Metformin is also associated with gastrointestinal (GI) adverse effects, leading to treatment discontinuation [7]. If metformin fails to adequately lower blood glucose, other hypoglycemic agents, such as TZDs, e.g. Rosiglitazone, could be used as an adjunct [6]. Because of the full agonism of nuclear peroxisome proliferator-activated receptor gamma (PPAR-γ), TZDs decrease gluconeogenesis in the liver, increase peripheral uptake of glucose, and improve insulin sensitivity in cells [8]. These agents elevate adiponectin levels, a cytokine secreted by adipose tissue that improves insulin sensitivity. Moreover, upon insulin release from the pancreas, TZDs enhance the expression of glucose transporter type 4 (GLUT-4), resulting in increased glucose uptake in adipocyte and skeletal muscle cells. Furthermore, TZDs increase insulin receptor substrates 1 and 2 (IRS-1 & IRS-2) [9]. These compounds are associated with multiple side effects, including weight gain and hepatotoxicity, which limit their continued use [10].

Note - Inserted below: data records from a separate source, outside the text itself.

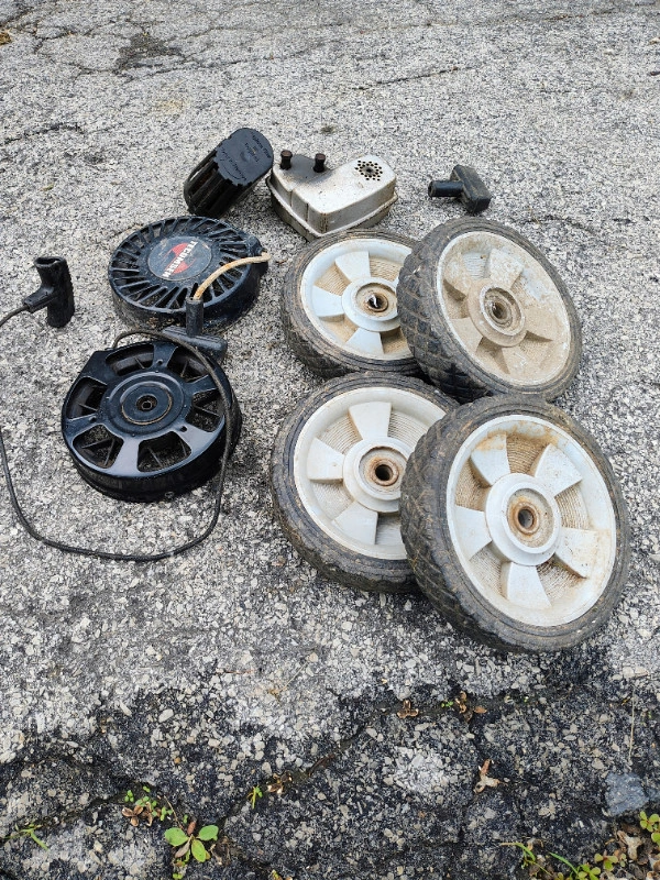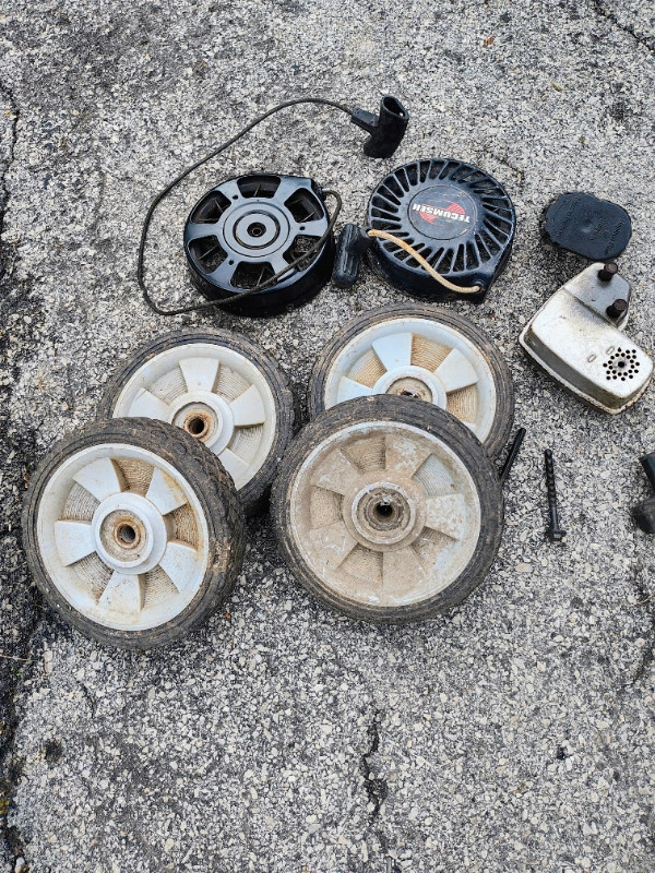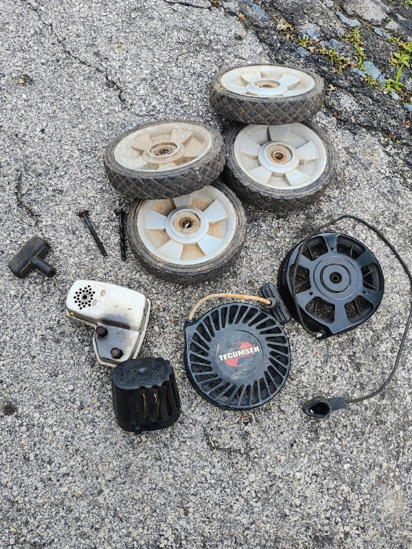 Lawnmower parts for sale in good usable condition. What you see in the photos you get. Asking $25 for the lot let me know. Thank you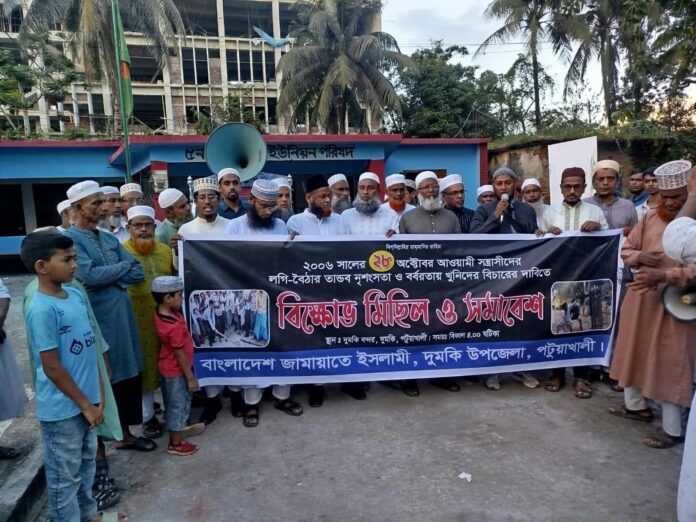 মেহেদী হাসান শান্ত, দুমকি প্রতিনিধিঃ ২০০৬ সালের (২৮অক্টোবর) আওয়ামীলিগের লাঠি- বৈঠার তাণ্ডব নৃশংসতা ও বর্বরতায় খুনিদের বিচারের দাবিতে বাংলাদেশ জামাতে ইসলামি দুমকি উপজেলা শাখার উদ্যোগে বিক্ষোভ মিছিল ও সমাবেশ অনুষ্ঠিত হয়েছে।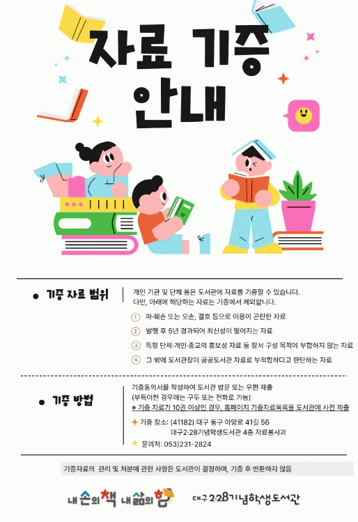 [´º½ºÅë ¾È»óµ· ±âÀÚ] ´ë±¸½Ã±³À°Ã» 10°³ °ø°øµµ¼°üÀº Áö¿ª »çȸÀÇ µ¶¼¹®È Ȱ¼ºÈ¿Í Áö½ÄÁ¤º¸ ÀÚ¿ø °øÀ¯¸¦ À§ÇØ °³ÀÎ ¹× ±â°ü¡¤´Üü¸¦ ´ë»óÀ¸·Î ¾çÁúÀÇ ÀÚ·á ±âÁõÀ» 4¿ùºÎÅÍ ¿¬Áß Á¢¼öÇÑ´Ù°í ¹àÇû´Ù.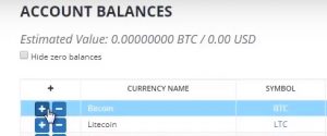 Once that has been done go to your ‘Wallets’ and press the ‘plus’ button on the Crypto Currency you want to deposit, this is probably going to be Bitcoin or Ethereum if you are new.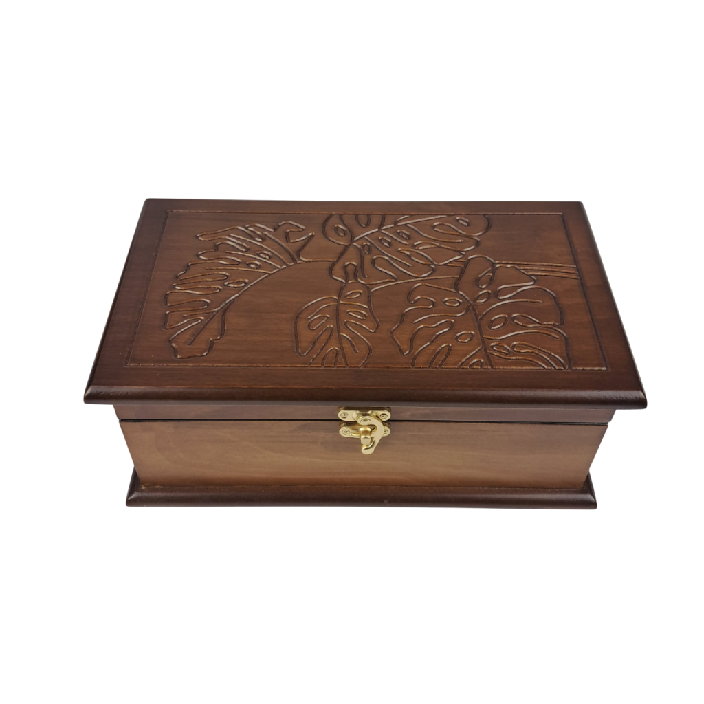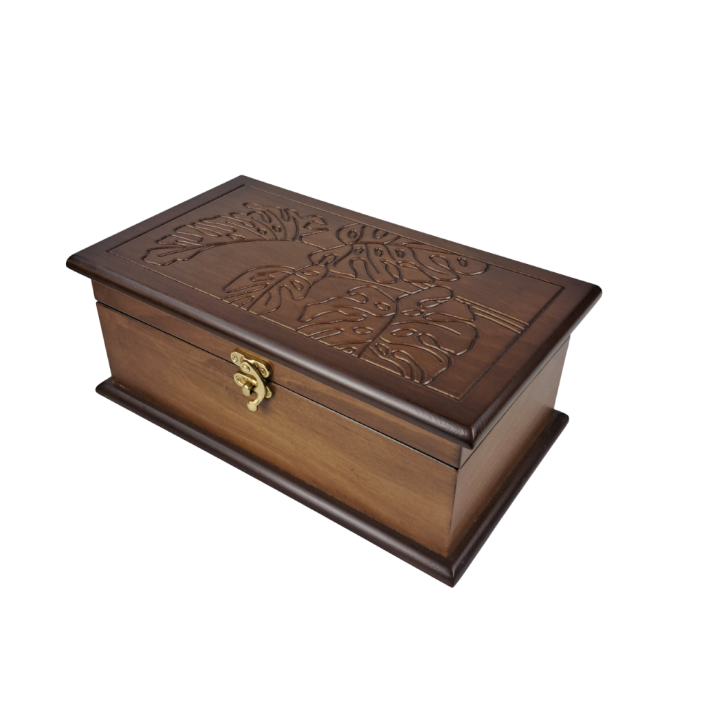 جعبه قاشق و چنگال شرکت تکسازان ترنج با طراحی زیبا و هنرمندانهای ساخته شده که از ام دی اف با روکش طبیعی راش باکیفیت با حکاکی ظریف طرح برگ درخت انجیر بر روی درب آن بهره میبرد. این جعبه با پوشش پلی استر و رنگآمیزی دستساز، جلوهای کلاسیک و لوکس به دکوراسیون منزل میبخشد و برای نگهداری ایمن و مرتب قاشق و چنگالها مناسب است. قفل و لولاهای طلاییرنگ آن، علاوه بر کارایی، به استحکام و جذابیت بصری محصول افزوده است. این جعبه با ابعاد مناسب و فضای داخلی جادار، انتخابی ایدهآل برای استفاده روزمره یا هدیه دادن محسوب میشود. درج لوگو و تغییر سایز با سفارش در تیراژ امکان پذیر است.

The PPARs, including α, β, δ and γ, are known as the key modulators of lipid and glucose metabolism. The a species of PPAR agonists regulate gene expression for fatty acid β-oxidation, therefore, they are useful in the management of dyslipidemia. The PPAR-β or -δ ligands improve lipid profile, insulin sensitivity, and minimize weight gain. The PPAR-γ agonists are known to impact adipogenesis, glucose homeostasis, and insulin sensitivity [11].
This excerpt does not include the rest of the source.